Type: Bug Priority: Major - P3
Reporter: Alessandro Gherardi Assignee: Backlog - Query Team (Inactive)
Resolution: Gone away Votes: 1
Labels: None
Remaining Estimate: Not Specified
Time Spent: Not Specified
Original Estimate: Not Specified

Attachments: File explain.1     File explain.2    
Issue Links:
Related
related to SERVER-13732 Predicates in top-level implicit AND ... Closed
related to SERVER-24027 The planner does not consider reversi... Closed
Assigned Teams:
Query
Operating System: ALL
Participants:

 Description   

I'm trying to implement paging using range queries.

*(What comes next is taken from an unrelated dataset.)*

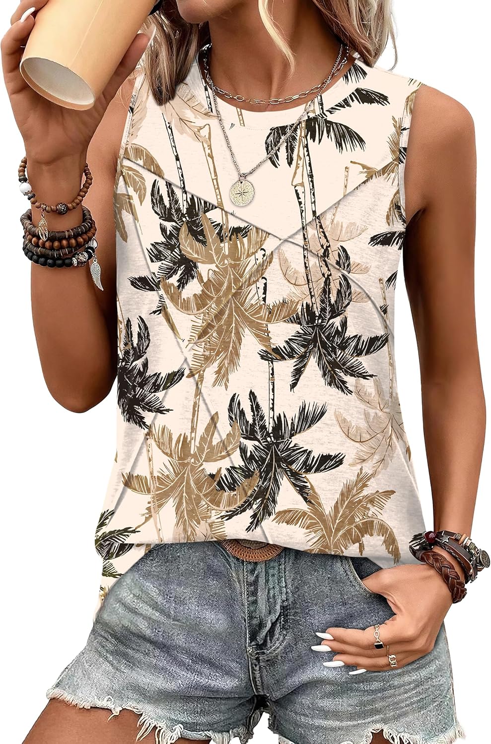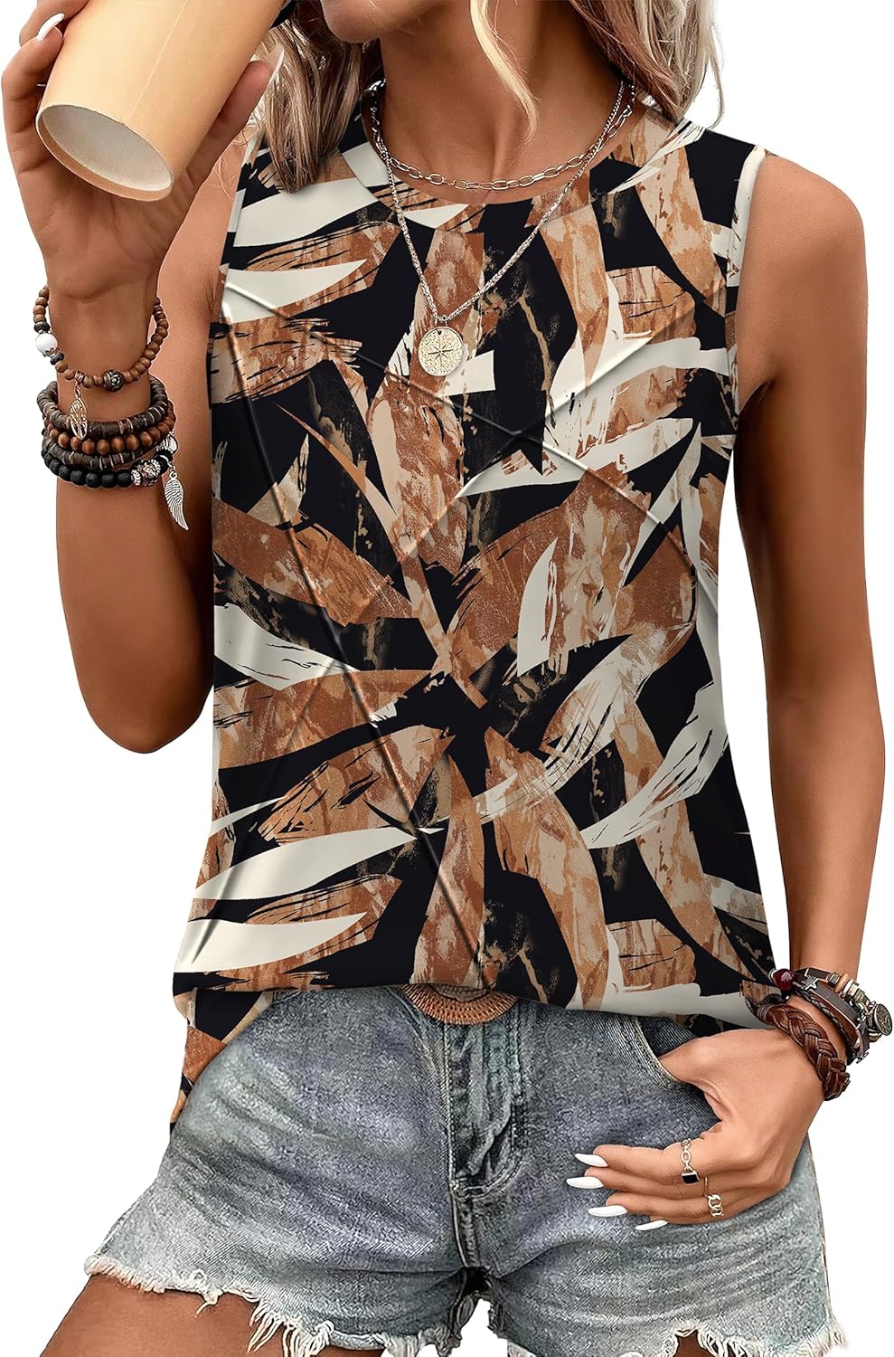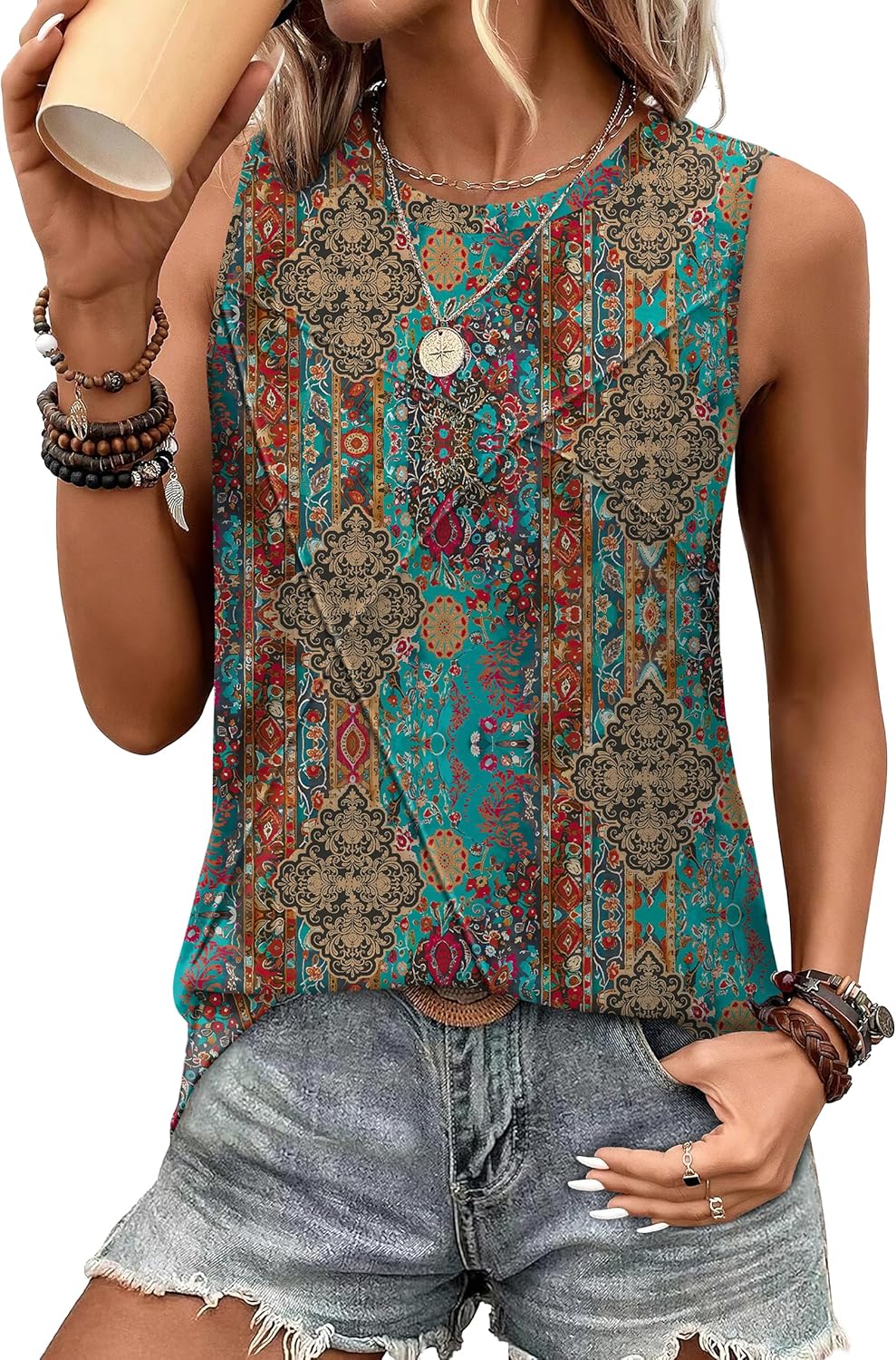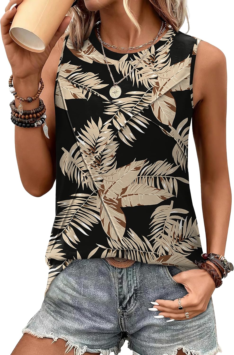 WIHOLL Women's Sleeveless Summer Crewneck Loose Fit Tank Tops

I have a collection called events that has, among others, a time attribute (type date).

I defined a compound index with key

{"time" : 1, "_id" : 1}

. I use the script below to retrieve the events in pages.

The query latency is very good (< 20 ms) for all queries except the last one. An explain shows that, unlike the other queries, the last query does not use the compound index. It looks like this has something to do with the value of startTime being equal to or very close to the value of lastTime.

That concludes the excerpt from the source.